Apps for Office makes Office 2013 unique, claims Microsoft

VBA upgrade steals the show in new Office enterprise reveal

After Microsoft CEO Steve Ballmer's introduction to Microsoft Office 13, the mid-afternoon session at Microsoft's San Francisco reveal dug a little deeper into the suite's enterprise offerings, turning up an app-based plugin service that feels like Office 2013's real push forward.

Introduced by Corporate VP JP Hough as an upgrade to previous versions' VBA [Visual Basic for Applications] environment, Apps for Office seems a far more powerful model for customising the functionality of the key components of Office.

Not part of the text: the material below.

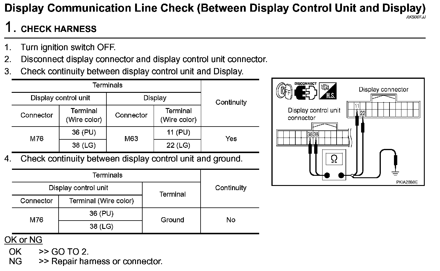 Display Communication Line Check (Between Display Control Unit And Display) (Step 1):

Office 2013 on an enterprise level is being sold far more directly as an extenson of Microsoft's existing Office 365 model - so much so that this is Microsoft's chosen brand name for Office in the enterprise field.

Access, Excel, Word and Powerpoint, as well as Sharepoint, were all demoed integrating with Apps for Office plugins, with uses ranging from having Excel intelligently pull financial figures out of a spreadsheet and place them on a live Bing map, to a widget plugged into Word which could carry out web searches on words and phrases, automatically inserting cited information into the document.

With a new API, slimmed down to take advantage of mobile devices, Hough said Apps for Office represents "a significant win for developers and our customers" in terms of the range of possibility available in its HTML 5 and java-based development environments.

Hough also described Apps for Office as being able to "span web applications and client applications."

"The existence of a global marketplace where developers who target that markert have the broadest possible reach, is going to be incredibly popular," said Hough.

He was bullish about its likely sales performance.

"I think it's going to generate a lot of new business," he added.

Apps for Office will support a number of pricing models, which Hough listed as free, trial and paid versions of apps. Furthermore, he said, developers can place Apps in targeted areas of the shop, aiming a financial services app only at those who'll need one, with a relevantly competitive price point next to other similar apps, instead of placing it in the general store.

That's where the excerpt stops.